Mr. Correa continued his singing as though oblivious to surrounding commentary.

"But really, Rafael," Mr. Maduro was rapping on the table. "You must join us and offer asylum!"

It wasn't clear the others noticed this appeal.

"Wait!" Mr. Morales now entered the discourse. "Let me add something!" And with that he and Mr. Correa, in rich baritone duo, continued--

"I've tried so not to give in
I've said to myself this affair never will go so well
But why should I resist when, baby, I know damn well
I've got you under my skin?"

"Amigos, amigos," Mr. Maduro thumped the table. "We're playing cards! Look, I will bet on this fine looking eight of spades showing on the table."

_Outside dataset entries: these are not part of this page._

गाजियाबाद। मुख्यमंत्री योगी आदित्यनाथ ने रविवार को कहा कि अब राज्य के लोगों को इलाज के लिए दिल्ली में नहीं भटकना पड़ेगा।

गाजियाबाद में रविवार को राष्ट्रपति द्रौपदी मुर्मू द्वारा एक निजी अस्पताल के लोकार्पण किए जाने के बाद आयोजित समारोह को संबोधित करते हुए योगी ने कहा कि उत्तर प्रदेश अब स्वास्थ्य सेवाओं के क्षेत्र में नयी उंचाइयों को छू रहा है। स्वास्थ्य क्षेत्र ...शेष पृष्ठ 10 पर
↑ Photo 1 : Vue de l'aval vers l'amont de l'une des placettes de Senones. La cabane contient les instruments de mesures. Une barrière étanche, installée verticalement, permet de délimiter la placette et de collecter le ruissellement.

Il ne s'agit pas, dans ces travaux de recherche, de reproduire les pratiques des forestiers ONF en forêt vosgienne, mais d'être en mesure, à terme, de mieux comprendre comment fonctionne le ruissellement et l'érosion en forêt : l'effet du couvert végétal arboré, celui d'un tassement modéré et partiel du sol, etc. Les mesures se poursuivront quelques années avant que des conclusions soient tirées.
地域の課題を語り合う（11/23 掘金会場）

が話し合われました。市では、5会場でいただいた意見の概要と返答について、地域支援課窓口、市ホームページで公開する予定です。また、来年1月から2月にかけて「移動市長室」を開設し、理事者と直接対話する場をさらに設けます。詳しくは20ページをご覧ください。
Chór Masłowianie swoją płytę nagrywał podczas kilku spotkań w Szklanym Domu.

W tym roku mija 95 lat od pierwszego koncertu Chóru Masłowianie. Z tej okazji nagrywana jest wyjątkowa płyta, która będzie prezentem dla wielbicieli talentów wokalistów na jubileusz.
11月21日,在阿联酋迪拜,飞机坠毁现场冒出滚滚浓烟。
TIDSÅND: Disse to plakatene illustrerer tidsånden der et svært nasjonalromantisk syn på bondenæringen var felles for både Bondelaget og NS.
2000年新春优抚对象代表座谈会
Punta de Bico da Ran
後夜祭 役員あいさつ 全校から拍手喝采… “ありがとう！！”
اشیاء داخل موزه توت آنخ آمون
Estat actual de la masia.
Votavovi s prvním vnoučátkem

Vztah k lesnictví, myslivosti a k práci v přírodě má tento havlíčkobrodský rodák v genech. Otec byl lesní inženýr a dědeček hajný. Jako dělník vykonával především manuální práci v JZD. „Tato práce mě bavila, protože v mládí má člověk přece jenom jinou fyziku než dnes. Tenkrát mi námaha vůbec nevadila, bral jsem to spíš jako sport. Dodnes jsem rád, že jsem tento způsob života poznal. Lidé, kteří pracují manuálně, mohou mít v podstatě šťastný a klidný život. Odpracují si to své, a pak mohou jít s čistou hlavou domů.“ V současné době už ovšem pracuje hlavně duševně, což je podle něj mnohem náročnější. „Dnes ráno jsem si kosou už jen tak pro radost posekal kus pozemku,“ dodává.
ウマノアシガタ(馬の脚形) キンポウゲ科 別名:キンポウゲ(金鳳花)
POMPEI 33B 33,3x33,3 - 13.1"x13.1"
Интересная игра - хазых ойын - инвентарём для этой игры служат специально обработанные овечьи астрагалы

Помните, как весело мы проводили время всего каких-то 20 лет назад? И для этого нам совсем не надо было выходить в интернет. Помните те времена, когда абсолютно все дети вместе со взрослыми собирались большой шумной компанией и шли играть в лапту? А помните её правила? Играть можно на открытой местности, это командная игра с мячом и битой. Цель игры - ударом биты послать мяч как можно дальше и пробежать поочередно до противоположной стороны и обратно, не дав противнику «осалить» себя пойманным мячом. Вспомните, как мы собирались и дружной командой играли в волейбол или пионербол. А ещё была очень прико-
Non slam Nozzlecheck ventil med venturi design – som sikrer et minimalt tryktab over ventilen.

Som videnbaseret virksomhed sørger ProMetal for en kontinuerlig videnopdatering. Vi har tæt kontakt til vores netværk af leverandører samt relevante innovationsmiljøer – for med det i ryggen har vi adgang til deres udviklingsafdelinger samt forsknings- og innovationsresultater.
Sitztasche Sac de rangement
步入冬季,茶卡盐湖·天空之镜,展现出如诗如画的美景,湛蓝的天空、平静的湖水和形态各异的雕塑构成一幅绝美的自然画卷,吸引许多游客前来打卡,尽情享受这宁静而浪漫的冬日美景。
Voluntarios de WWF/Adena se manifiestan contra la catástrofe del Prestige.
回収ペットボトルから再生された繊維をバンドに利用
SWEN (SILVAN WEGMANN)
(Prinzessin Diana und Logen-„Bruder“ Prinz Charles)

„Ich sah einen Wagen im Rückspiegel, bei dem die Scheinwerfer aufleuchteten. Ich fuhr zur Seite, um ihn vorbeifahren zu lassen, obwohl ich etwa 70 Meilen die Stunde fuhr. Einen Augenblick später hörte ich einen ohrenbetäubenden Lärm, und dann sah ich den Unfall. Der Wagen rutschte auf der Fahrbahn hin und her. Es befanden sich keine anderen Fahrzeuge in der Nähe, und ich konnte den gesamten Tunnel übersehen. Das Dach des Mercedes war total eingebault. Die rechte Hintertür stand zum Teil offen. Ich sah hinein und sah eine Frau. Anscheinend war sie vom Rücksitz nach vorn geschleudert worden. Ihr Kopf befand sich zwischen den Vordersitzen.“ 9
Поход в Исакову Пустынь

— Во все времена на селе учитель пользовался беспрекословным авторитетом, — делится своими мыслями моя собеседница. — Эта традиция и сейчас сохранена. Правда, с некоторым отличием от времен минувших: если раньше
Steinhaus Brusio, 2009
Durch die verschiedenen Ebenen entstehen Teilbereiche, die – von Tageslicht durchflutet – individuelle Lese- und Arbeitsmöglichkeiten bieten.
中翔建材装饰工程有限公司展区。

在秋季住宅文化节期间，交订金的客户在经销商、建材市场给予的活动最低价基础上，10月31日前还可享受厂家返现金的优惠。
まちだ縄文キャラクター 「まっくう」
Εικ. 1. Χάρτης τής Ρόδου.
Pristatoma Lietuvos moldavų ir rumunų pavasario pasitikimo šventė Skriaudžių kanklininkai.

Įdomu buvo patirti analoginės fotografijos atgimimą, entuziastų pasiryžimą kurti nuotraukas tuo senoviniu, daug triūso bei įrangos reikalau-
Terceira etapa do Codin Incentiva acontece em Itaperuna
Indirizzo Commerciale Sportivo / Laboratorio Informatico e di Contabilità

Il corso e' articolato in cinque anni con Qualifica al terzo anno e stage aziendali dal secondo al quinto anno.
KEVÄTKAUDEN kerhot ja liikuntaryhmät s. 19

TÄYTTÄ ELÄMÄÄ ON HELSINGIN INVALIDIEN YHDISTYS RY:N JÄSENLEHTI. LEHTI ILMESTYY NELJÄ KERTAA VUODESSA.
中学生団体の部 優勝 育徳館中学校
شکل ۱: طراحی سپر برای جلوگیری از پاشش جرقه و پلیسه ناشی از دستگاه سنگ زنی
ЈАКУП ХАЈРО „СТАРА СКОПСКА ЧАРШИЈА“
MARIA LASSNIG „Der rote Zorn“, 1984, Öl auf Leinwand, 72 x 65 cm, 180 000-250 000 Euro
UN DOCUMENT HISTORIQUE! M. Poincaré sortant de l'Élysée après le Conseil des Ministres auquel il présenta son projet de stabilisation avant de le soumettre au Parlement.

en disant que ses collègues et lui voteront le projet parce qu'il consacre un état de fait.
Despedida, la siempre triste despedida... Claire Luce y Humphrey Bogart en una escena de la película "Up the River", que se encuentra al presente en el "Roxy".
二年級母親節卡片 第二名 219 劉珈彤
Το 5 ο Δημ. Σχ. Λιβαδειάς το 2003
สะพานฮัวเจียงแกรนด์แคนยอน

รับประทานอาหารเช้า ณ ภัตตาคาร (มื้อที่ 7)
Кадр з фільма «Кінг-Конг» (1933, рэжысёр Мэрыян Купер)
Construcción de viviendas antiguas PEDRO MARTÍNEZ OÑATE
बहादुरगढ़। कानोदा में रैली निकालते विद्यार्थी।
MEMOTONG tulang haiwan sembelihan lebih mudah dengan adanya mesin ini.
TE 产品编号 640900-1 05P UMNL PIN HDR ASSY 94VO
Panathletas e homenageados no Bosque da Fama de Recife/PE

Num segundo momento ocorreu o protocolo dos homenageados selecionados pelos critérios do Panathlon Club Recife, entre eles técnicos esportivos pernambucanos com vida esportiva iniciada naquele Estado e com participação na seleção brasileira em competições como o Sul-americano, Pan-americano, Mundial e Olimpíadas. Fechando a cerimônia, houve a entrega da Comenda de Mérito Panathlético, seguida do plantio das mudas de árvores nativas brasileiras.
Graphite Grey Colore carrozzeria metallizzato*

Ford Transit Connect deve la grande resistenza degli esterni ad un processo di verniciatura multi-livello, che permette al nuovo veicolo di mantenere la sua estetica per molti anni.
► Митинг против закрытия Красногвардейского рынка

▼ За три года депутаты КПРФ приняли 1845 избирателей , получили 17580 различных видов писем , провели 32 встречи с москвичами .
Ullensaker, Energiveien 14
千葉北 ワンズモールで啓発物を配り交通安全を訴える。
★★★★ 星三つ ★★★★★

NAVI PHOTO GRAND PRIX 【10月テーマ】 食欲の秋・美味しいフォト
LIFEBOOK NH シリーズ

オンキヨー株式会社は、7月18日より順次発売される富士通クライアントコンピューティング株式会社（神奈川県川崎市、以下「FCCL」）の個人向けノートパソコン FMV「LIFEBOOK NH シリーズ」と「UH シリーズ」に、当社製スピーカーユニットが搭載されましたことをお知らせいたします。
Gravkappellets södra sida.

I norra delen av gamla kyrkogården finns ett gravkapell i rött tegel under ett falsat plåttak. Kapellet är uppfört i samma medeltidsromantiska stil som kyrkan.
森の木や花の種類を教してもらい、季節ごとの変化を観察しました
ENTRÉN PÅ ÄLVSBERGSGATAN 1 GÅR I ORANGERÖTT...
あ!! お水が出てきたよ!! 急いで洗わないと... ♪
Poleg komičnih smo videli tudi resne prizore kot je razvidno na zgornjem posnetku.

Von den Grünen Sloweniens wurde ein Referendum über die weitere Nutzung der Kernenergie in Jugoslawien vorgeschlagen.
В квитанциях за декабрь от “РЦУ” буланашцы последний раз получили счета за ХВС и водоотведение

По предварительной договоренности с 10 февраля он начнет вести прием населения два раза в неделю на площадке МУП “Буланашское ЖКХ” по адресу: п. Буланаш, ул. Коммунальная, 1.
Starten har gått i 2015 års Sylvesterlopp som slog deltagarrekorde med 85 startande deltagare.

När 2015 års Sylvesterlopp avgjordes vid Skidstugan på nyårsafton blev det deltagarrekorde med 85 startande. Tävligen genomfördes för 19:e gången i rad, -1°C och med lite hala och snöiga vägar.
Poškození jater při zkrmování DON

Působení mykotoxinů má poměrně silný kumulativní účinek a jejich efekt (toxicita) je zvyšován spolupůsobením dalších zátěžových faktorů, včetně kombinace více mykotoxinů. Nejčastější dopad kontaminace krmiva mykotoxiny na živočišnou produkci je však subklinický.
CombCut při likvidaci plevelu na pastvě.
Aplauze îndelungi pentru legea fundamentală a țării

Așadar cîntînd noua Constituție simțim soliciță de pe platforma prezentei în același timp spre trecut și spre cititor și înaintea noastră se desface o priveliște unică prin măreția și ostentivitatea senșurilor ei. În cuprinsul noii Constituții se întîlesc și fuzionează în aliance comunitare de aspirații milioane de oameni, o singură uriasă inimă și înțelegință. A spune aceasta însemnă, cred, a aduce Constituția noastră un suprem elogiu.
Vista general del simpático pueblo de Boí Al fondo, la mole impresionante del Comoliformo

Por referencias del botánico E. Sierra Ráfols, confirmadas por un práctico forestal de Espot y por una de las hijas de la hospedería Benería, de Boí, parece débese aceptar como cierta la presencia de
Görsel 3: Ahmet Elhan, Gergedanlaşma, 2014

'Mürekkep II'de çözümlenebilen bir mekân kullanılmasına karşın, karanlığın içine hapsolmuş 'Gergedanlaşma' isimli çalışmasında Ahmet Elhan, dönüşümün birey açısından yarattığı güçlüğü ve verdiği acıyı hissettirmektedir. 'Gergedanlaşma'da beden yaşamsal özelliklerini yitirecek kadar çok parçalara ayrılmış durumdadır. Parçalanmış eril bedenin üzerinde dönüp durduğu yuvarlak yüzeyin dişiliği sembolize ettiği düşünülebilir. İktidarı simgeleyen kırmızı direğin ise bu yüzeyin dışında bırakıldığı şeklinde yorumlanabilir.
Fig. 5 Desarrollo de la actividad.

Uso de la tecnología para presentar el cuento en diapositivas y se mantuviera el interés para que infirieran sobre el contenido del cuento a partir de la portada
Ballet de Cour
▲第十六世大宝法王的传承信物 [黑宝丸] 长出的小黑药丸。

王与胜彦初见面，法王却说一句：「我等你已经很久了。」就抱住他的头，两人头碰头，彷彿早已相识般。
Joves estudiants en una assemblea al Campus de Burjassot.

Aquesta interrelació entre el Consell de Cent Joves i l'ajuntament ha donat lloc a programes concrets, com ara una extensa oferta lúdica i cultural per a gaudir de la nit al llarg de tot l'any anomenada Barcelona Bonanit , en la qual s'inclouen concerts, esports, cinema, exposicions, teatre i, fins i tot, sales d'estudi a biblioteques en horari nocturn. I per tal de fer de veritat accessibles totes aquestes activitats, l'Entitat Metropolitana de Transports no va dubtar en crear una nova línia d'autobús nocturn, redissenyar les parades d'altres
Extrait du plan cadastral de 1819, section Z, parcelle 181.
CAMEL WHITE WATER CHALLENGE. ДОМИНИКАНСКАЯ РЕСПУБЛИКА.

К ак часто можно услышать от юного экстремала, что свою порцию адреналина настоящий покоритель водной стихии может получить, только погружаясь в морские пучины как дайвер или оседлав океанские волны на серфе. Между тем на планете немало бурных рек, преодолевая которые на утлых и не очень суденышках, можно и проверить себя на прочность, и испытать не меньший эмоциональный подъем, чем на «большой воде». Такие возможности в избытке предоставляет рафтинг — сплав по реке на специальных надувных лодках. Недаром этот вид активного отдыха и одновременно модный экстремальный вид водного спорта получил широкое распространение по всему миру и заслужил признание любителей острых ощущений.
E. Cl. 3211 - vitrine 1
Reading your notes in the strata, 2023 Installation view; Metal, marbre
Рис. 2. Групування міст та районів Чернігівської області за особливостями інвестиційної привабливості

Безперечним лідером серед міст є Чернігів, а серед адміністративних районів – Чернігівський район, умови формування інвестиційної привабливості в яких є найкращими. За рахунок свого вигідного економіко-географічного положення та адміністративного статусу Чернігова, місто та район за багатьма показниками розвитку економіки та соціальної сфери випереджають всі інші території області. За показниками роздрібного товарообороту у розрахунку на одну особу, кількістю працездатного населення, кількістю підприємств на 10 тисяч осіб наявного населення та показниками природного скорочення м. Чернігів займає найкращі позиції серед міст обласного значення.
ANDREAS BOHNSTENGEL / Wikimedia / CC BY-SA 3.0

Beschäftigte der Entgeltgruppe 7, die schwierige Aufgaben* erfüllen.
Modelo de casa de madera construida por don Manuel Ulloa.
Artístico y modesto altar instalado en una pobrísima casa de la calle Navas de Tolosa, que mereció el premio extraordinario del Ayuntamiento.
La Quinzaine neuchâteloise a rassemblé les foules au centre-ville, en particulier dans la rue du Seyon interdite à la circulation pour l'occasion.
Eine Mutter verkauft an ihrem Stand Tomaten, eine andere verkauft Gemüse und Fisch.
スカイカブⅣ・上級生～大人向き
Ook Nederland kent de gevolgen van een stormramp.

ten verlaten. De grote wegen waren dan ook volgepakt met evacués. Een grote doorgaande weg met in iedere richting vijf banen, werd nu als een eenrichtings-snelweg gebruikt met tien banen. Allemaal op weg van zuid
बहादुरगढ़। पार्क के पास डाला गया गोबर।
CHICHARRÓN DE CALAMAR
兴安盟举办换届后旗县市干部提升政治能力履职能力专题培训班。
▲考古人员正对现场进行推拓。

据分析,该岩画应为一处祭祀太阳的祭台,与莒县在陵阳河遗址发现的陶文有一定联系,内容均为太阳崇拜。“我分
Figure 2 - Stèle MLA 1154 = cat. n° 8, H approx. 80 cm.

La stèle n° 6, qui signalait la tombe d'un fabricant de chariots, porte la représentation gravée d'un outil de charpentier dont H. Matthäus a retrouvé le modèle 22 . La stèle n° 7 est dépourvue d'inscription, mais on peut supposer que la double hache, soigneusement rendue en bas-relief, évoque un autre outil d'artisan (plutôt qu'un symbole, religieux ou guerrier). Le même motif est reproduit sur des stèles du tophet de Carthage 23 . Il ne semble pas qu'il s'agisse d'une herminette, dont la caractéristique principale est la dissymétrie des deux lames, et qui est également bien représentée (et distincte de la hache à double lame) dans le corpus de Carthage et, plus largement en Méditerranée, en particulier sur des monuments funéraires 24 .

"Not much, Nicolas. Like Snowden, hah? A hand with small cards."

Mr. Correa at this point folded with a heavy sigh. "I mean how many more are going to be coming to us, I ask you? Assange is now a transit bureau or something for whistleblowers. Advice and arrangements."

"And from inside the embassy in London, Rafael!" Mr. Ortega added. "I understand why you're so nervous."

"Nervous? Who's nervous?" Mr. Morales was smiling. "Did you have your plane re-routed and grounded and sniffed at lately?"

Both Rafael Correa and Evo Morales at this point burst out with more song--

"I'd sacrifice anything come what might
For the sake of having you near
In spite of a warning voice that comes in the night
And repeats and repeats in my ear . . ."

"Nervous? Would Hugo have been nervous?" Mr. Maduro had folded with his eight of spades high, and the hand was won by Mr. Ortega with a one-eyed Jack.

"Ah, the Hugo!" Much murmuring from the four, plus shakings of heads and pounding on the table. "Yes, the Hugo, the Hugo Chavez. Now there was somebody to call a spade a spade and deal with the US monster!"

As the evening wore on, according to our busy waiter-reporter on the scene, Mr. Correa's singing had infected all these leaders. Playing around with the old Frank Sinatra ballad continued as they mused on Snowden and the United States, and their own position in the controversy.

At last the card game had mostly ceased, with all four leaders singing so boisterously other guests at The Dragonfly complained:

"Don't you know you fool I'm not just a bum
Use your mentality, wake up to reality
But each time that I do just the thought of you
Makes me stop before I 've begun
'Cause you've got me under your thumb . . . "

The story above is a satire or parody. It is entirely fictitious.